After observing the above differences between cytoplasmic and nuclear puncta, we postulated that the nuclear puncta were not typical double-membraned autophagosomes. Since our laboratory has used transmission electron microscopy (TEM) to examine virus-infected cells for many years, we have a large archive of micrographs. We have already documented cytoplasmic autophagosomes by TEM in an earlier paper (5). For this report, we re-examined over 70 micrographs to look for any structures that resembled autophagosomes within the nuclei of uninfected or infected cells (Figure 2). In virus-infected monolayers during later timepoints (11), many viral capsids were seen in the nuclei; capsids measure 75–100 nm in diameter (5). Since autophagosomes typically are 4–6 fold larger, we should be able to easily identify these structures, if they were present in the nuclei of these cells (Figure 2, E–H). Note the diameter of a virion in a cytoplasmic vacuole as another size control (Figure 2, circled in H). However, we found no double-membraned structures within nuclei (Figure 2). We also examined nuclear preparations from uninfected MRC-5 fibroblasts for the presence of structures that resembled autophagosomes. As seen in representative TEM images in Figure 2 (A–D), no double-membraned structures were found in uninfected nuclei. Therefore, punctate LC3 staining within nuclei of cells was not due to the LC3-II embedded in the membrane of autophagosomes or an organelle resembling an autophagosome.
Figure 2.
Absence of double-membraned autophagosomal structures in electron micrographs of nuclei of uninfected and virus-infected cells. (A–D) Nuclei isolated from uninfected cells showed no double-membraned structures resembling autophagosomes when examined by TEM. Panel B is a magnification of the region within the black box in panel A. (E–H) Melanoma cells infected with VZV showed no autophagosomal-like structures in the nucleus. Cells were infected for 24 h (E) or 72 h (F–H) and imaged by TEM. Black arrows within nuclei point to viral capsids of approximately 75–100 nm diameter. Circle in panel (H) encloses virions within a cytoplasmic vacuole. Nu = nucleus; Cy = cytoplasm. Scale bars included in each panel.
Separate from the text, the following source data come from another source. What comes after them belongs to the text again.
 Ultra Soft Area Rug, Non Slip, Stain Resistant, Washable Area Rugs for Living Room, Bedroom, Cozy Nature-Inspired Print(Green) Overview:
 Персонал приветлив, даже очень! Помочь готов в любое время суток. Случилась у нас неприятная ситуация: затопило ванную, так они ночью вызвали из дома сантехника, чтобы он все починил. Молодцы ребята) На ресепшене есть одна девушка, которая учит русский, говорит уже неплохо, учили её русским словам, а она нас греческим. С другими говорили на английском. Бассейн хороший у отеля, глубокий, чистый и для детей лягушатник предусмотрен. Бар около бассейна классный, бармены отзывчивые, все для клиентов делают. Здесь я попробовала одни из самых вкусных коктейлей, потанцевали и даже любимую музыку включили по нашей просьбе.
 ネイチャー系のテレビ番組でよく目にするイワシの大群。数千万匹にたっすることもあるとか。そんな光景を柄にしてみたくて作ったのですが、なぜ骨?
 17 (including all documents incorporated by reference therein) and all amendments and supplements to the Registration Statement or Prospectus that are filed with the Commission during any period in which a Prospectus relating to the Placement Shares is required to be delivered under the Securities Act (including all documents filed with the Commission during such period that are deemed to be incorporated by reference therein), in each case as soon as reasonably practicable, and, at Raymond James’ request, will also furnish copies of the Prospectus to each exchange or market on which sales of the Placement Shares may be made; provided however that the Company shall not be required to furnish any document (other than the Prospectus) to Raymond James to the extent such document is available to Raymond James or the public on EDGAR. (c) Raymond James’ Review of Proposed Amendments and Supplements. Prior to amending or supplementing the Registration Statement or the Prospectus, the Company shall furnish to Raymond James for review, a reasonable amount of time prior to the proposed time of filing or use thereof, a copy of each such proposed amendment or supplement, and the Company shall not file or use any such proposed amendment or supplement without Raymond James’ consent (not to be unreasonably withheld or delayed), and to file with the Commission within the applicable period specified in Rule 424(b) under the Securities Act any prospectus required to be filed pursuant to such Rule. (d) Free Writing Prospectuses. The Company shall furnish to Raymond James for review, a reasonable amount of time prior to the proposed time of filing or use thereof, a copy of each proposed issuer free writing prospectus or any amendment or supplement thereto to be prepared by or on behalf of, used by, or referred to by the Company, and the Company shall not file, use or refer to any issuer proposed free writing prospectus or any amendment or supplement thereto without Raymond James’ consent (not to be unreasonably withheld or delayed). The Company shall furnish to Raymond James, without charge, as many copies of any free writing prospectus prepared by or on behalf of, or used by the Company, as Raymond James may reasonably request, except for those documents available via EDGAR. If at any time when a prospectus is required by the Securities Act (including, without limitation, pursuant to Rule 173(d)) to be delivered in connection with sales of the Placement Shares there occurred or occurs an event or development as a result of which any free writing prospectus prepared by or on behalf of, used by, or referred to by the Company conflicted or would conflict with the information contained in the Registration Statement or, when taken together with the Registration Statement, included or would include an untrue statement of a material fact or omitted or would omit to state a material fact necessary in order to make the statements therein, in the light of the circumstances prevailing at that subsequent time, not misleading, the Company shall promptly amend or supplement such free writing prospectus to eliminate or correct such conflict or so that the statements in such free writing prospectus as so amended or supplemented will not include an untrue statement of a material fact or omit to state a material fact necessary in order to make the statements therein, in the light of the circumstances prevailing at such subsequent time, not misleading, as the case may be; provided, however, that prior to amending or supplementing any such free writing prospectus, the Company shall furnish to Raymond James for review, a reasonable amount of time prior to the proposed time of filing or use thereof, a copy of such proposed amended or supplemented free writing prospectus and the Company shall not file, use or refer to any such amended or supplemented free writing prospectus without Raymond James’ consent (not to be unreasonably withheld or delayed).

We were intrigued when we read two recent autophagy papers in which the authors had observed what were called nuclear puncta identified by various anti-LC3 antibody reagents (8), (9). The authors were uncertain as to their function but speculated that the nuclear puncta may be related to autophagy. We know of no reason why our data about VZV-induced autophagy should not be applicable broadly. In particular, viral capsids in the nucleus provide a valuable marker for any structures >100 nm. Yet we see no structures compatible in size with autophagosomes in nuclei. Based on data acquired in our VZV-induced autophagy system, therefore, we postulate that these nuclear puncta are not related to autophagosome production.
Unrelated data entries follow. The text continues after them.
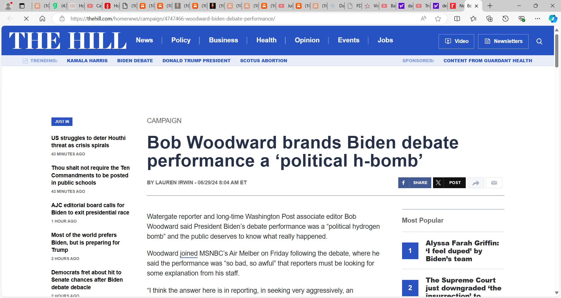 family on his path forward after his disastrous debate; mouth agape open; democrats fear he could bring entire party down; Woodward brands Biden debate performance a ‘political h-bomb’
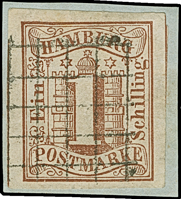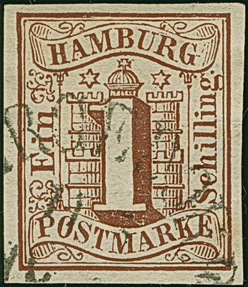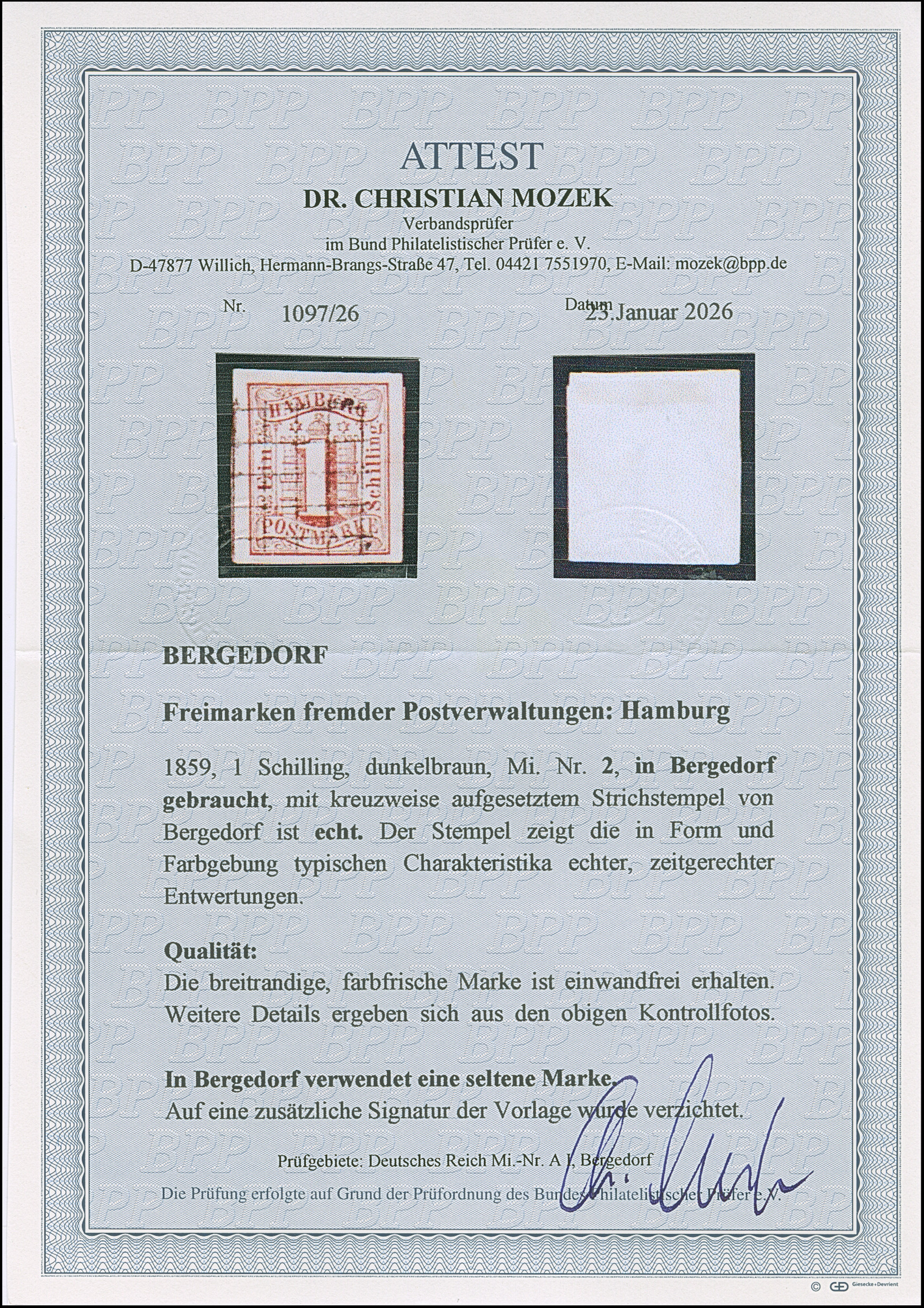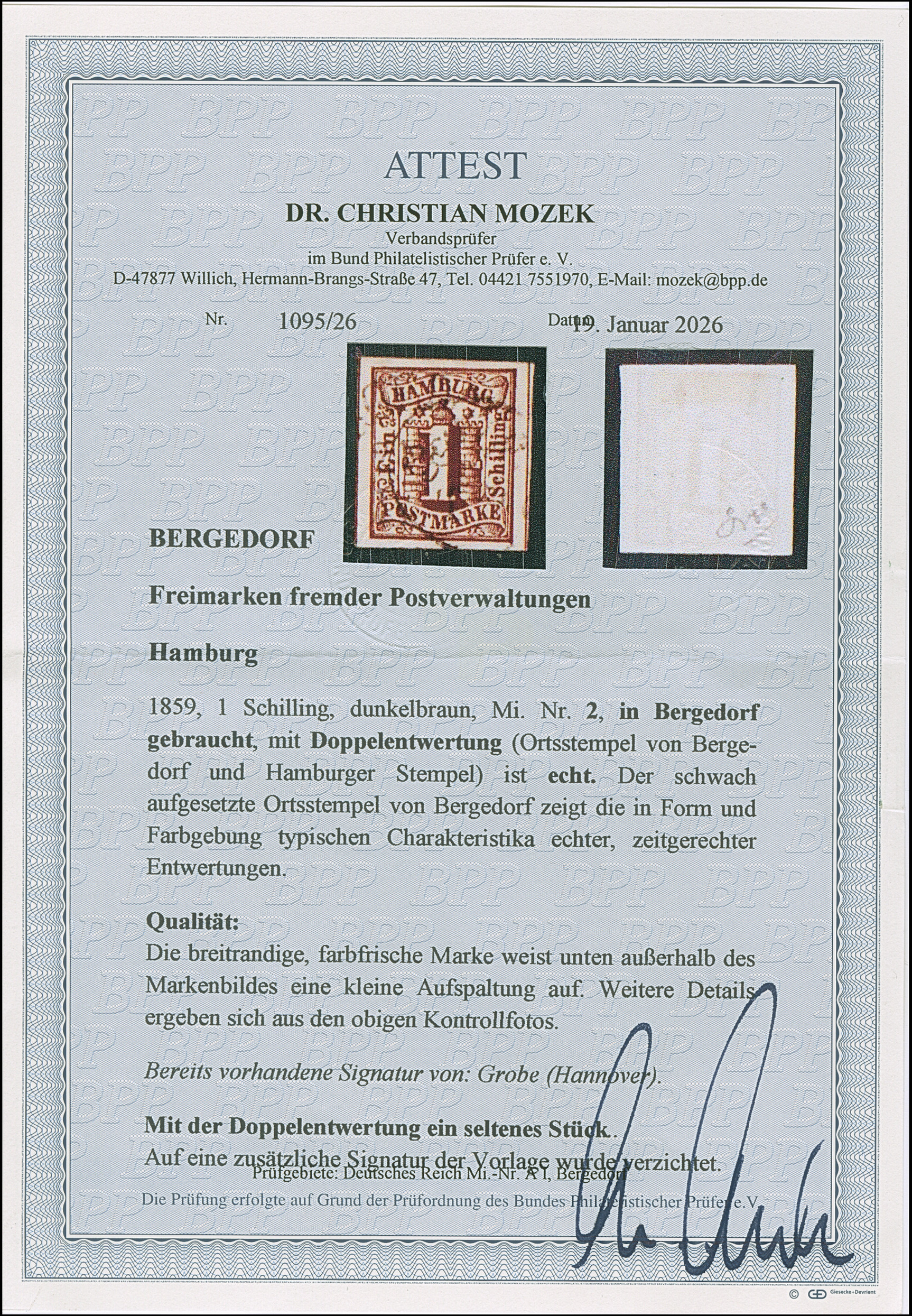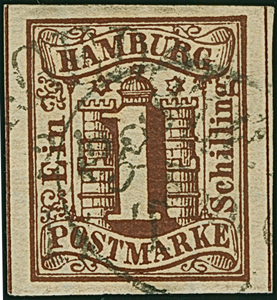 1 Sch. braun, voll- bis breitrandig mit Doppelentwertung durch Ortsstempel und Hamburger Ovalstempel. Im Unterrandd kleinne Aufspaltung außerhalb des Markenbildees, sonst tadellos. Fotoattest Dr. Mozek BPP (2026)
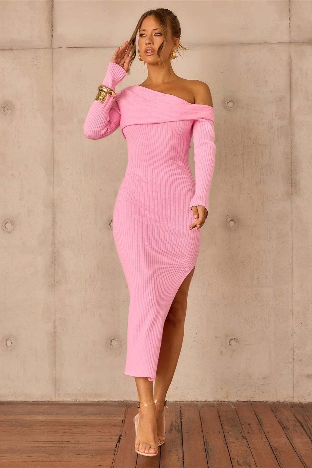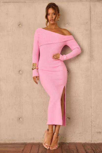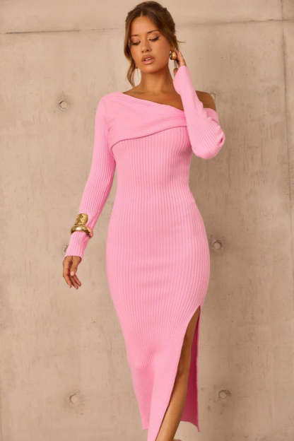 • Clothing Type: Bodycon Dress • Dress Length: Midi • Waist Type: Mid Waist • Neckline: Asymmetrical Neck • Sleeve Type: Regular Sleeve • Sleeve Length: Long Sleeve • Composition: Polyester • Details: Solid Color
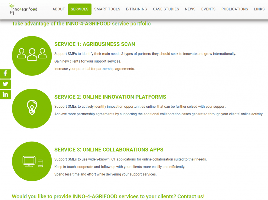 The INNO-4-AGRIFOOD consortium just fine-tuned three novel services that can be easily and free-of-change provided by consultants and advisors to agri-food SMEs:
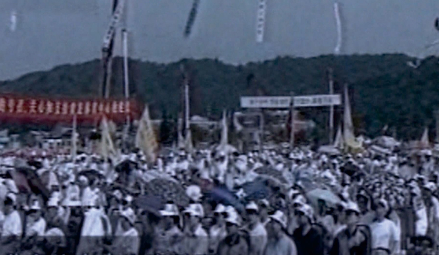 黄龙体育中心建设周边简易房屋已经耕田,记录还原早期体育馆周边样貌。
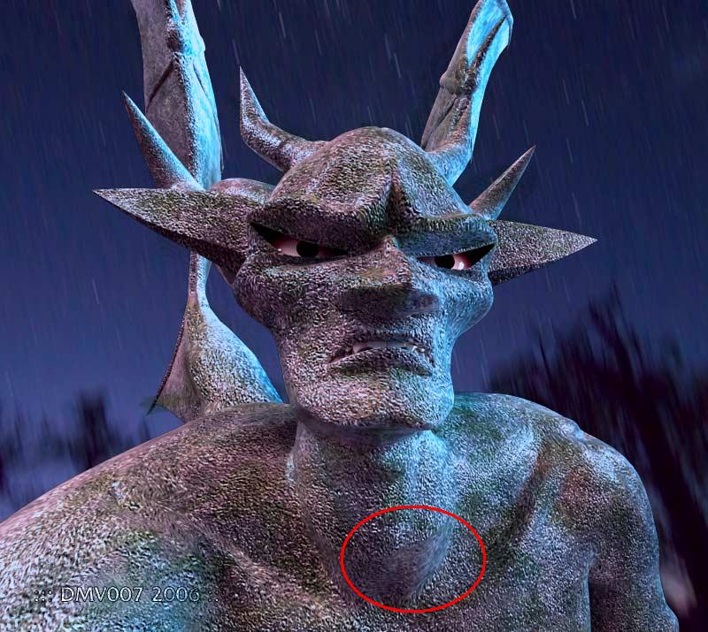 El material las gárgolas acumulan mucha suciedad y zonas oscuras en la superficie, si le das unos cuantos retoques le puedes dar mucho más juego a tu modelo. Saludos.

Instead, we conclude that a likely explanation for nuclear puncta is the formation of LC3 aggregates within the nuclei and their detection by the primary anti-LC3 antibody reagent (12). LC3-II protein is easily detectable in the nucleus (13). Earlier studies of direct precipitation of antigen by antibody by this laboratory and others demonstrate that aggregates are readily bound by polyclonal antisera (14). Further, aggregate detection is more pronounced with polyclonal as opposed to monoclonal antibody reagents. In addition, the nonionic detergent Triton X-100 does not hinder the detection of antigen-antibody aggregates at the concentrations used for permeabilization (15).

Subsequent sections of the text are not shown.